Bonn (KNA). Wer das giftgrüne Telefon genau betrachtet, dem läuft es kalt den Rücken herunter: Die Plastikabdeckung der Wählscheibe ist am Rand geschmolzen. Das altmodische Objekt stammt aus dem Haus einer der türkischen Familien, die 1992 im schleswig-holsteinischen Mölln einem Brandanschlag zum Opfer fielen. Heute steht es im Haus der Geschichte in Bonn. In der erweiterten Dauerausstellung soll die jüngere Geschichte breiteren Raum einnehmen, kündigte die Bildungsreferentin der Stiftung Haus der Geschichte, Simone Mergen, am Donnerstagabend bei einer Online-Podiumsdiskussion an.
Opfern eine Stimme geben und ihre Lebensgeschichte thematisieren: Das haben sich Museen und Gedenkstätten schon lange zur Aufgabe gemacht. Wenn Zeitzeugen sterben, wird diese Vermittlungsarbeit schwieriger – aber nicht weniger wichtig. Um diese Herausforderung ging es bei der Diskussion, zu der die Stiftung Haus der Geschichte und die Deutsch-Israelische Gesellschaft eingeladen hatten.

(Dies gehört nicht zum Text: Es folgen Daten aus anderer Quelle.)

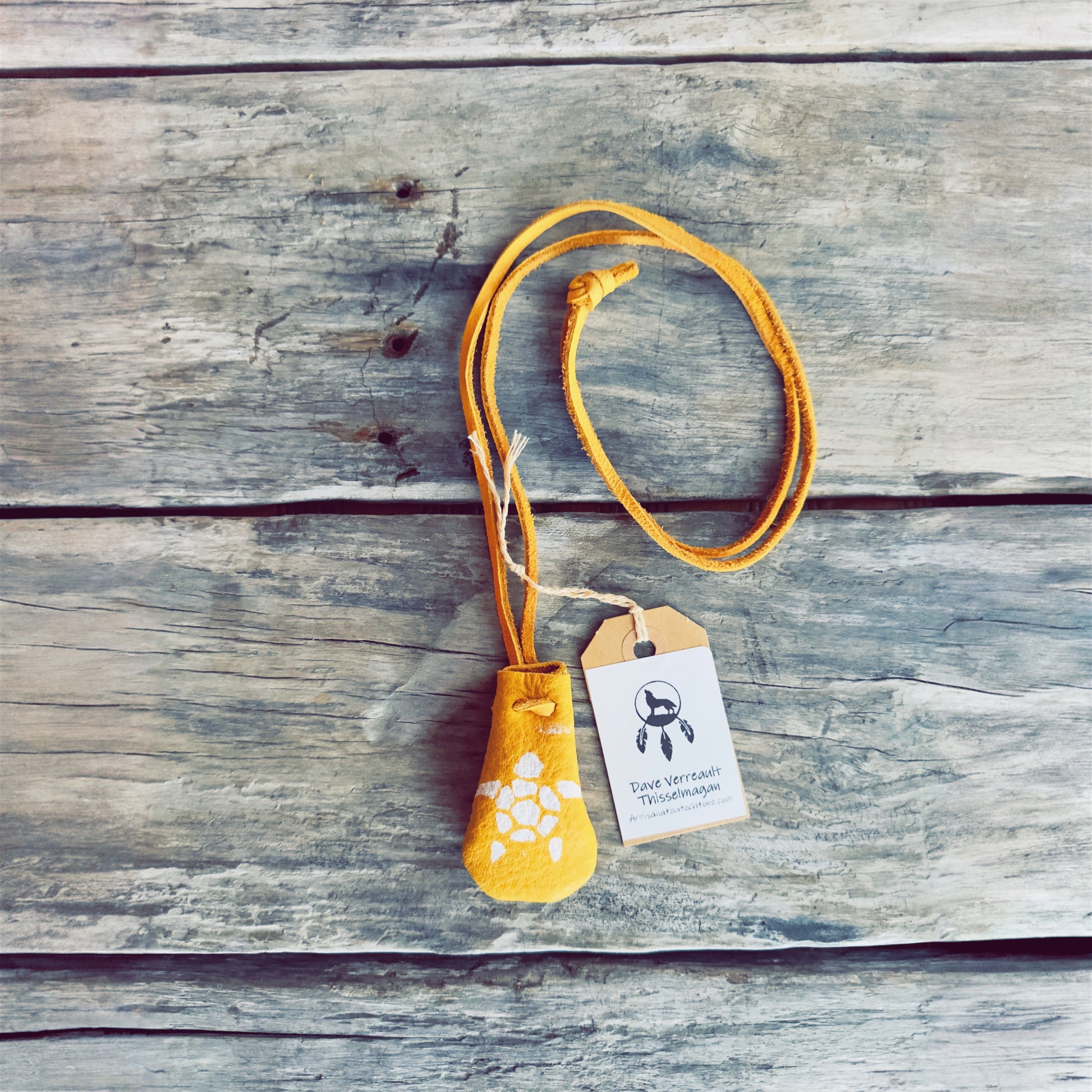 Chaque détail est pensé avec respect : le cuir d’orignal, choisi pour sa douceur et sa solidité, abrite un mélange purifié de sauge sacrée et d’une pierre semi-précieuse sélectionnée pour son énergie bienfaisante.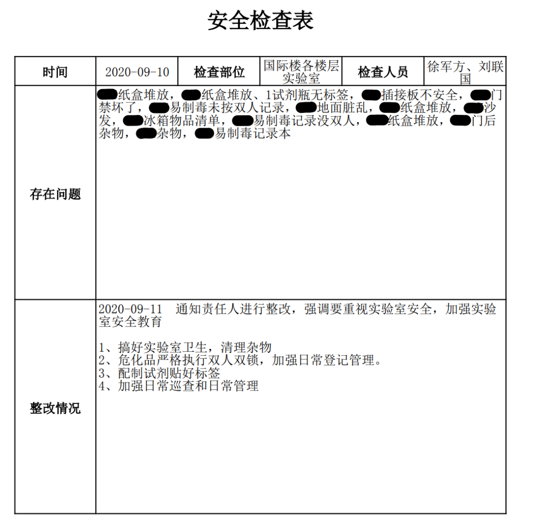 应对可能出现的实验室安全隐患,我们组织专人对各实验室安全状况进行排查,对其中存在隐患的部分提出整改意见,并由各实验室负责人进行落实。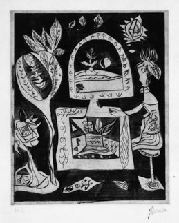難波田史男:銅版画集『ある日の幻想』より 作品−36 (1973)

Objekte wie das Telefon seien „Geschichte zum Anfassen, zum Be-greifen“, erklärte der Leiter der Stiftung Gedenkstätten Buchenwald und Mittelbau Dora, Jens-Christian Wagner. Das Ziel, betonte Mergen, sei nicht emotionale Überwältigung, sondern eine kritische Reflexion der Geschichte.
Dass dies eine Gratwanderung ist, wissen die Experten aus eigener Erfahrung. Er sei früher davon ausgegangen, dass die Erschütterung mit der Zeit nachlasse, sagte der Leiter der Gedenkstätte und Museum Sachsenhausen, Axel Drecoll. „Das stimmt aber nicht.“ Manche Dokumente berührten einen auch nach Jahren, manches bleibe schwer erträglich: „Das hört nicht auf.“
Eine andere Schwierigkeit, mit der die Gedenkorte zu kämpfen haben, sind Desinformationen bis hin zur Leugnung des Holocaust. Geschichtsrevisionistische Äußerungen durch eine kleine Minderheit von Besuchern hätten zugenommen, berichteten die Experten. Angesichts mancher menschenfeindlichen Äußerungen „kommt einem das kalte Grauen“, sagte Wagner.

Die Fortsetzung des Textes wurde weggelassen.